Нелинейное чтение

  • Глеб Шульпяков. Музей имени Данте. — М.: Эксмо, 2013. — 416 с.

    От романа всегда ждешь откровения, потрясения, а еще лучше — маленького перерождения; такова память жанра, который пронес сквозь века суть, оставив за скобками формальные ограничения и правила. В случае «Музея имени Данте» Глеба Шульпякова читательское ожидание оказывается обмануто, и это тот редкий случай, когда данный художественный прием не играет на руку автору.
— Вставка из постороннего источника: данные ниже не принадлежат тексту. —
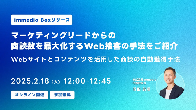 BtoB Web接客ツールを展開する、株式会社immedioは2月18日(火)にオンラインウェビナー『マーケティングリードからの商談数を最大化するWeb接客の手法をご紹介~Webサイトとコンテンツを活用した商談の自動獲得手法~』を開催いたします。
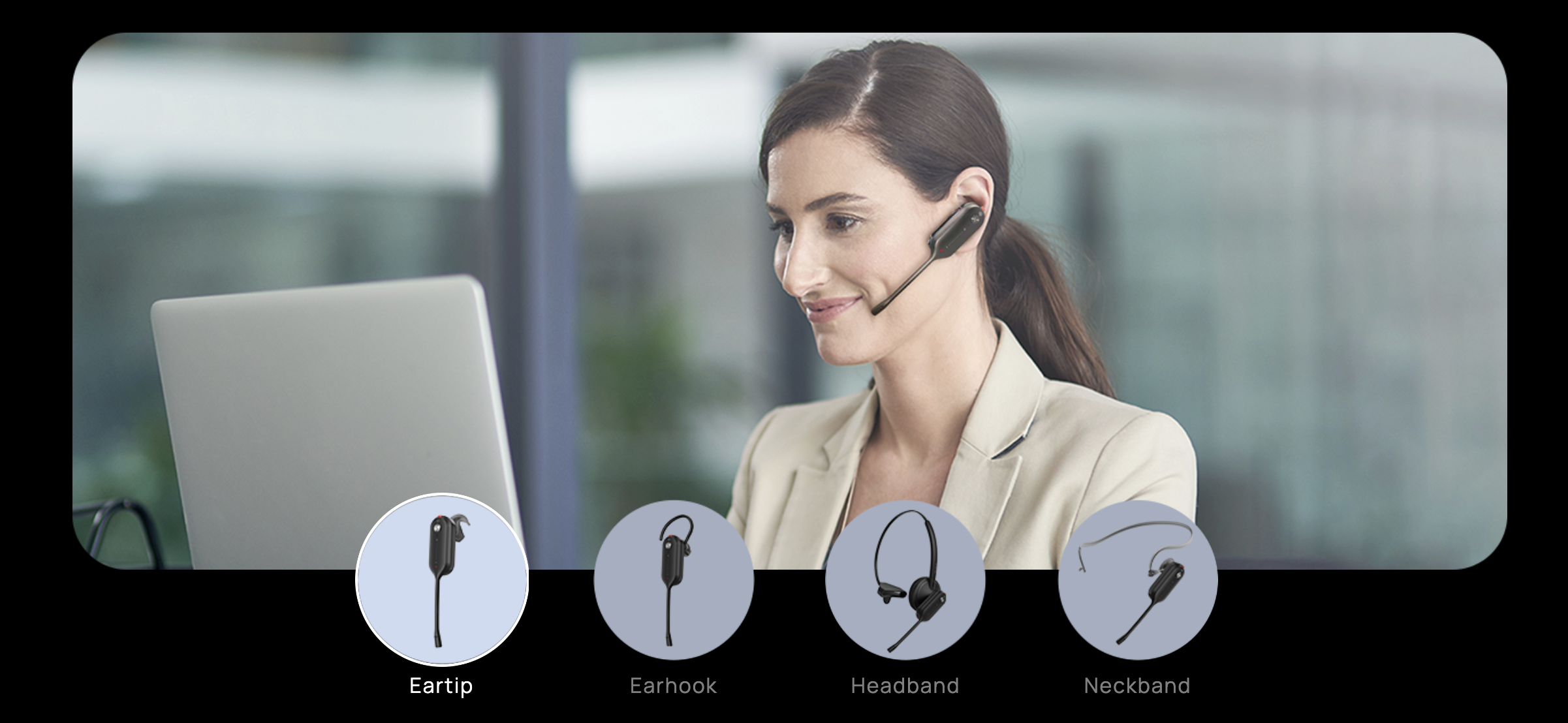 19g lightweight headset for all-day comfort. Choose from eartip, earhook, headband, or neckband styles* for a perfect fit.

    Вошедший в этом году в длинный список «Русского Букера», до этого Шульпяков был награжден в 2000 году премией «Молодежный Триумф» как поэт (сборник «Щелчок»), а в 2005 году премией «Действующие лица» как драматург (пьеса «Пушкин в Америке»). Кроме этого, он известен как журналист, переводчик и автор травелогов. Заметнее всего в романе «Музей имени Данте» проявились три ипостаси Глеба Шульпякова: поэта, журналиста и прозаика. Последняя, кажется, проигрывает первым двум.

    Впрочем, описания русской провинции добавляют сходства с книгой-путешествием, а третья часть романа, состоящая из тринадцати сцен, не позволит забыть о театре. Здесь есть буквально все: вплоть до открытого финала с просвечивающим сквозь него хэппи-эндом.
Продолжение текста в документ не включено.